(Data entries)

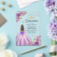 Invitaciones Acrílicas Lavender Vestido Floral Mariposa Oro Quinceanera
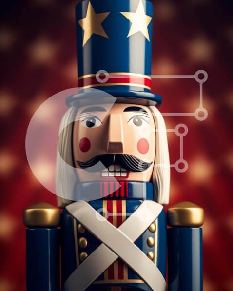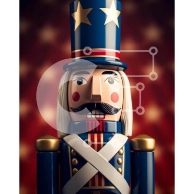 Υπάρχει δυνατότητα προσωποποίησης με δική σας φωτογραφία και προσαρμογής διαστάσεων κατόπιν παραγγελίας. Το συγεκεριμενο puzzle παρουσιαζει Η εικόνα δείχνει ένα παιχνίδι καρυοθραύστη τοποθετημένο μπροστά από ένα εντυπωσιακό κόκκινο, λευκό και μπλε φόντο. Ο καρυοθραύστης είναι ντυμένος με ρούχα εμπνευσμένα από τον στρατό, τονίζοντας το χαρακτηριστικό μουστάκι του. Αυτή η ρύθμιση προτείνει ένα πατριωτικό θέμα, που π
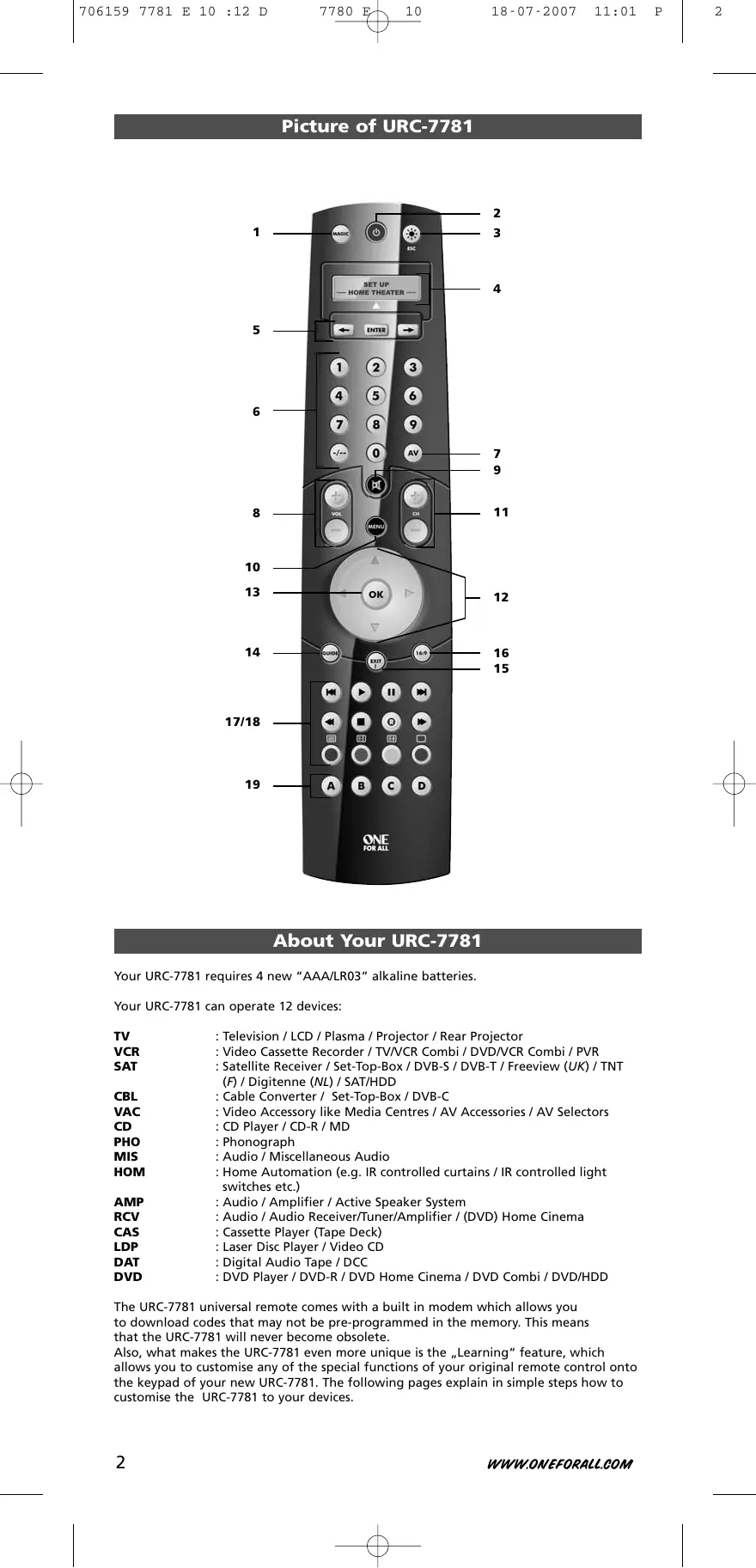 Find the device manual for free URC 7781 ONEFORALL in PDF.
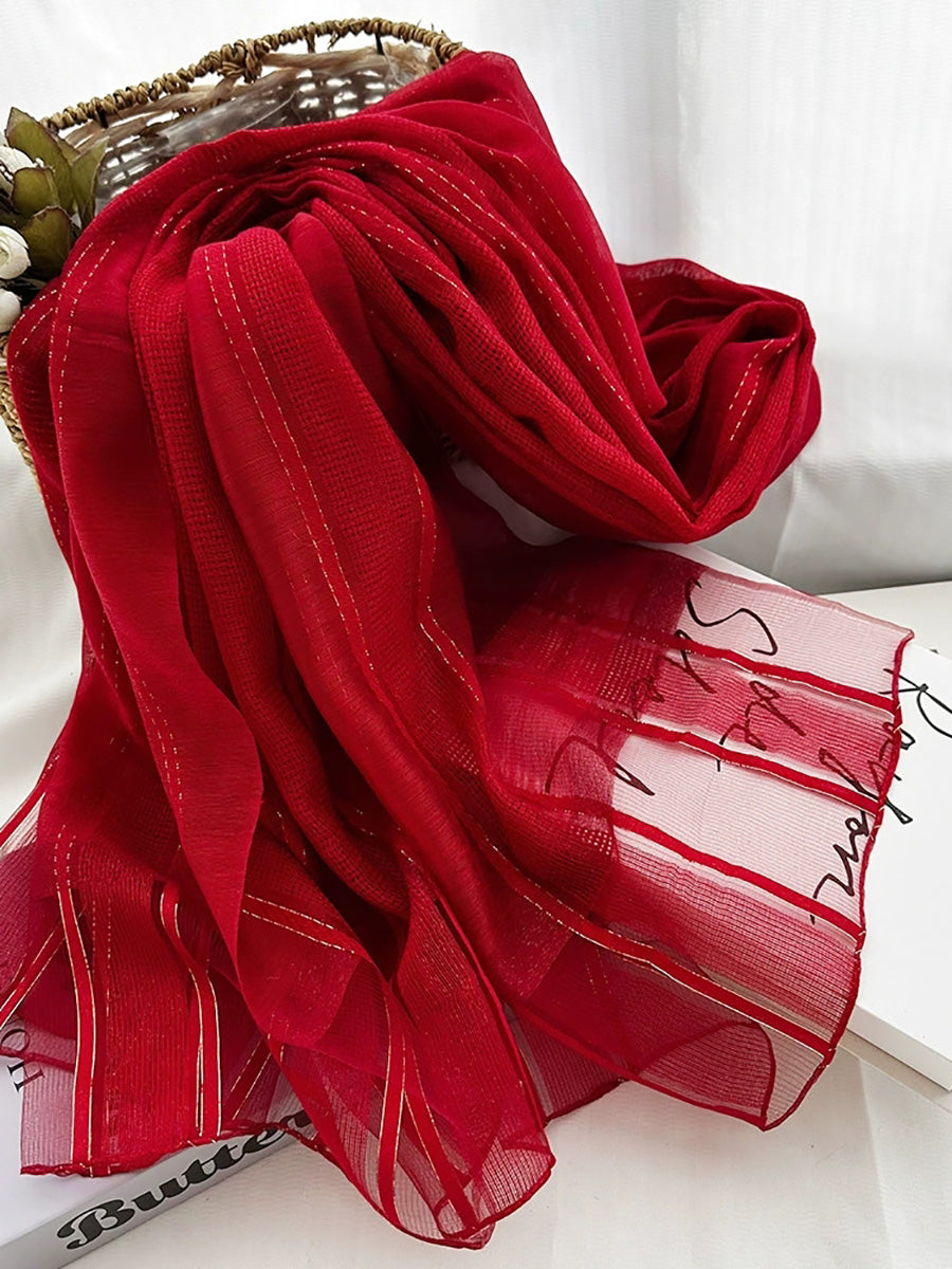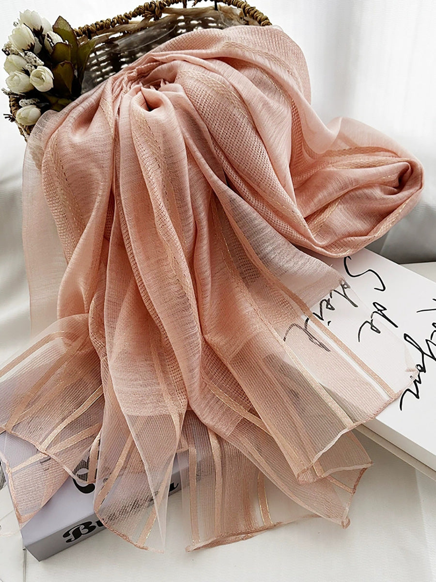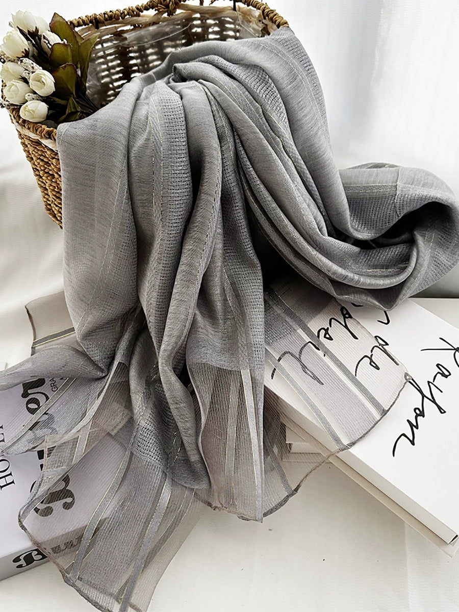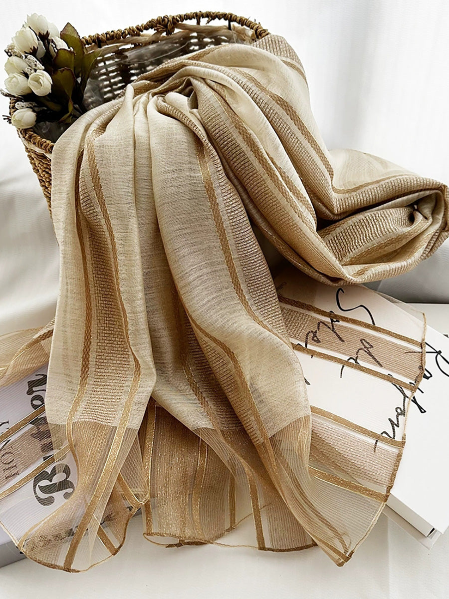 女士夏季薄條紋披肩圍巾
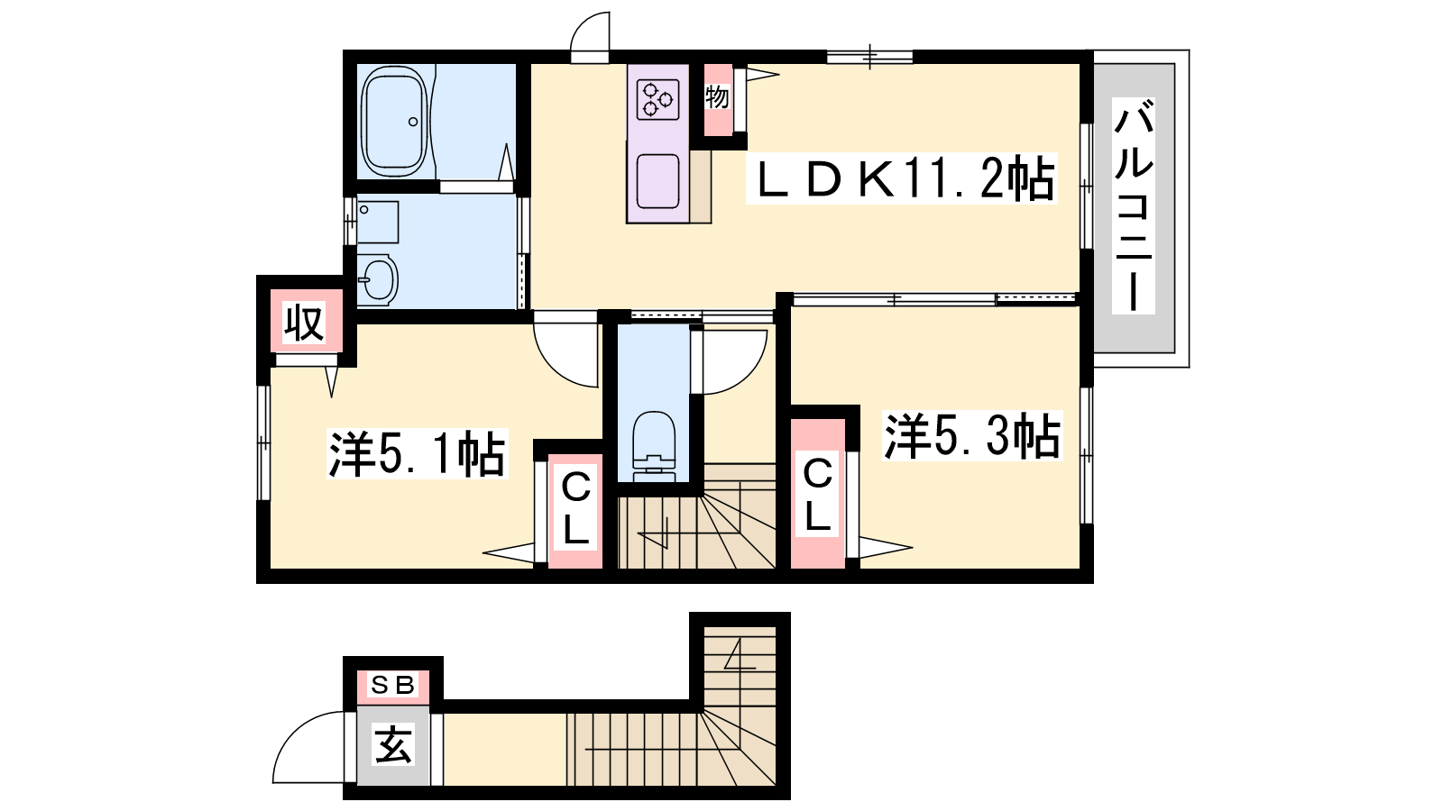 - LDK11.2帖、洋室5.3帖、洋室5.1帖
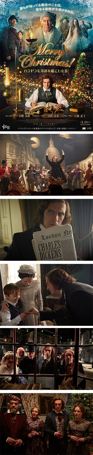 【 STORY 】 1843 年 10 月、スランプに陥っていた英文学作家の チャールズ・ディケンズ。家族のためにもベストセラーを生み出したいと思っていた彼は、クリスマスを題材にした小説を書くことを思い付く。出版社との関係も悪化する中、クリスマスシーズンに向けて残された執筆期間は わずか 6 週間。ディケンズは執筆に没頭しているうちに小説の世界に入り込み、やがて現実と幻想の境目が曖昧になってしまう。「 クリスマス・キャロル 」の登場人物であるスクルージと 3 人の幽霊との不思議な出会いを経て、心の奥にしまっていた幼少期の記憶、そして 父親との確執といった、自らの問題とも対峠していく――。( プレス資料より。一部省略 )
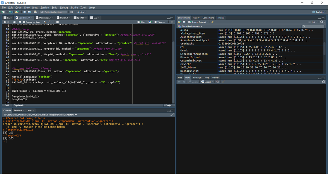 Fehler in cor.test.default(BA$IN03_01, CS, method = "spearman", alternative = "greater") :

What to work on
Every line from the one containing "女士夏季薄條紋披肩圍巾" through the last line of the data is to be retyped exactly, with nothing added and no pictures included.

Written response
 女士夏季薄條紋披肩圍巾
 - LDK11.2帖、洋室5.3帖、洋室5.1帖
 【 STORY 】 1843 年 10 月、スランプに陥っていた英文学作家の チャールズ・ディケンズ。家族のためにもベストセラーを生み出したいと思っていた彼は、クリスマスを題材にした小説を書くことを思い付く。出版社との関係も悪化する中、クリスマスシーズンに向けて残された執筆期間は わずか 6 週間。ディケンズは執筆に没頭しているうちに小説の世界に入り込み、やがて現実と幻想の境目が曖昧になってしまう。「 クリスマス・キャロル 」の登場人物であるスクルージと 3 人の幽霊との不思議な出会いを経て、心の奥にしまっていた幼少期の記憶、そして 父親との確執といった、自らの問題とも対峠していく――。( プレス資料より。一部省略 )
 Fehler in cor.test.default(BA$IN03_01, CS, method = "spearman", alternative = "greater") :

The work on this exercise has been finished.